Twenty Second Sunday in Ordinary Time – Cycle “C”, August 29, 2010

The washing of feet, the kiss of greeting and the anointing of the head were customary signs of welcome shown to a guest at a meal in Jesus’ time. Such courtesies seem to have flown out of the window at the meal recorded in today’s Gospel. There the guests pushed forward for the places of honor and Jesus chided them for their bad manners.

To this heavenly meal, God will invite all who are lowly of heart and who acknowledge their need of salvation. They will receive the invitation, “My friend, move up higher.” Those who in their self-righteousness consider themselves entitled to the best places will, to their shame, have to take the lowest place. The parable echoes the first reading: “The greater you are, the more you should behave humbly,” for the Lord “accepts the homage of the humble.” It also echoes Mary’s Magnificat found earlier in St.
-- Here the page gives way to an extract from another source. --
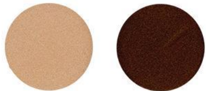
5. Кремовый жемчуг\ Коричневый топаз

Luke’s Gospel and heard at Evening Prayer each day: “He casts the mighty from their thrones and raises the lowly. He fills the starving with good things, sends the rich away empty.”

The overwhelming love of Christ urges us to be one with those who are in need, to embrace them as St. Francis embraced the leper, so that we may love in a selfless, practical way. They await our invitation so that together we may be at that heavenly banquet “when the virtuous rise again.”